‘Falso’ Paul McCartney é ídolo há 48 anos

‘Falso’ Paul McCartney é ídolo há 48 anos

O rock é feito de astros e de lendas. Uma delas conta a morte de Paul McCartney, há 48 anos, no dia 9 de novembro de 1966, em um acidente de carro. O boato nasceu em uma rádio FM de Detroit, em 1969, e virou uma bola de neve. As letras e as capas dos discos dos Beatles estariam repletas de dicas fúnebres. No lugar do desafortunado Paul, um sósia. O brilhante Billy Shears, incorporado à banda no auge de sua história. Um sósia muito competente, por sinal. Tão bom ou até melhor que o original. Uma história saborosa, inocente, mentirosa e bem documentada. Uma lenda do rock'n'roll.

Carlos de Oliveira

10 de outubro de 2014 | 08h31

Morreu ou não morreu? A dúvida que deu mais visibilidade aos Beatles.

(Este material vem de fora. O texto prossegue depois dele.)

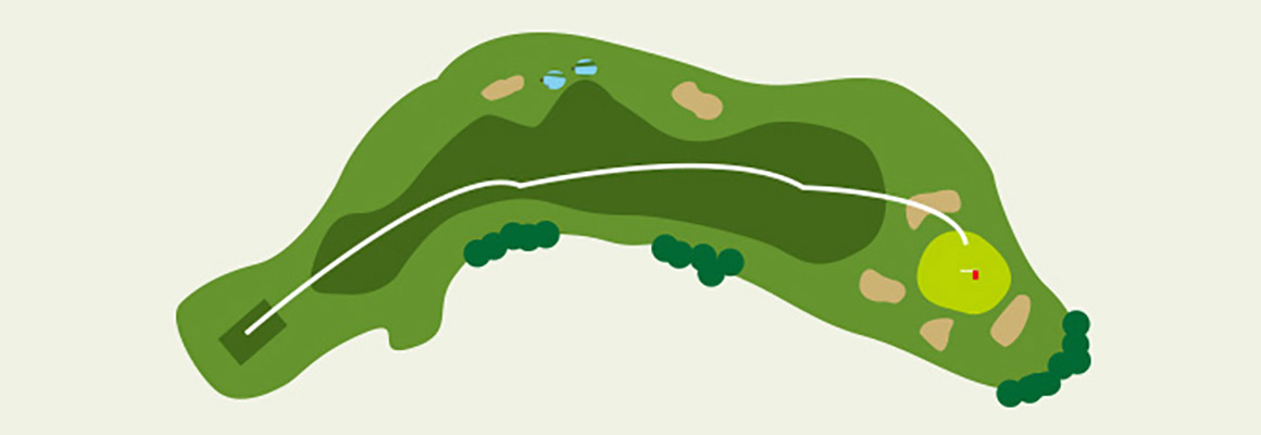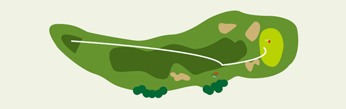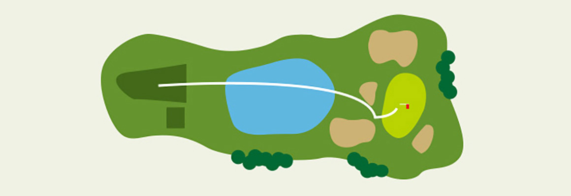 右からの風に乗せてフェアウェイ左に持っていくイメージでティショットを打つ。フェアウェイセンターをとらえ、スプーンでつないだ3打目はピンまで100ヤード。やや左足下がりでアゲンストという状況から、ピッチングウェッジで抑え気味に打ちピンの左2メートル半につける。絶好のチャンスだったがカップの手前で右に切れバーディならず。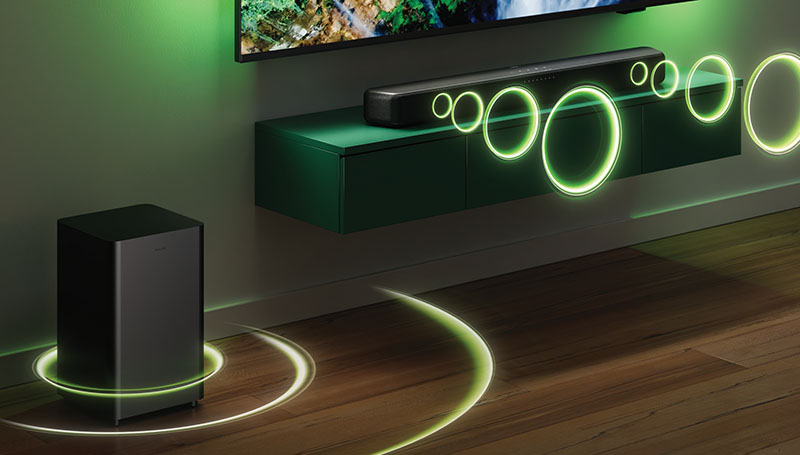 Enjoy a front-row seat to all the dramas you watch and play. This Dolby Digital Pluscompatible soundbar gives you a surroundsound experience without the need for extra speakers. You'll hear, and feel, the difference.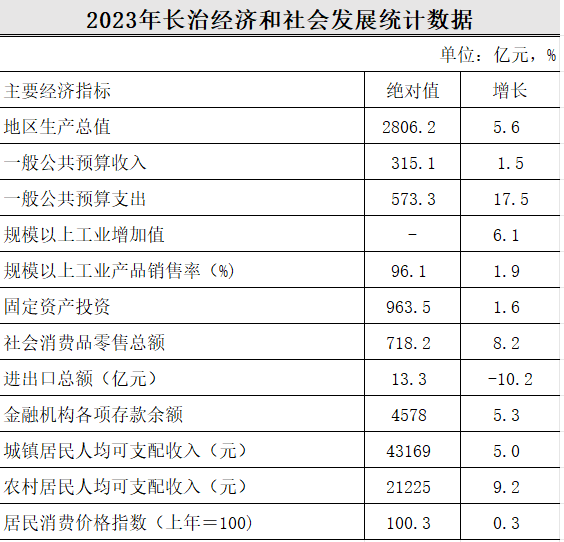 2023年長治經(jīng)濟(jì)和社會發(fā)展統(tǒng)計數(shù)據(jù)

Todos sabem que Paul McCartney morreu. Dentro de exatamente um mês a tragédia vai completar 48 anos. Tudo aconteceu às 5h05 da manhã do dia 9 de novembro de 1966, uma quarta-feira.

…wednesday morning at five o’clock, as the day begins…

O beatle bonitinho voltava do que hoje chama-se balada. Em alta velocidade, não respeitou o sinal vermelho e avançou o cruzamento. A batida foi forte demais e Paul morreu instantaneamente. Tragicamente. Sem cabeça.

…he blew his mind out in a car… he didn’t notice that the lights had changed…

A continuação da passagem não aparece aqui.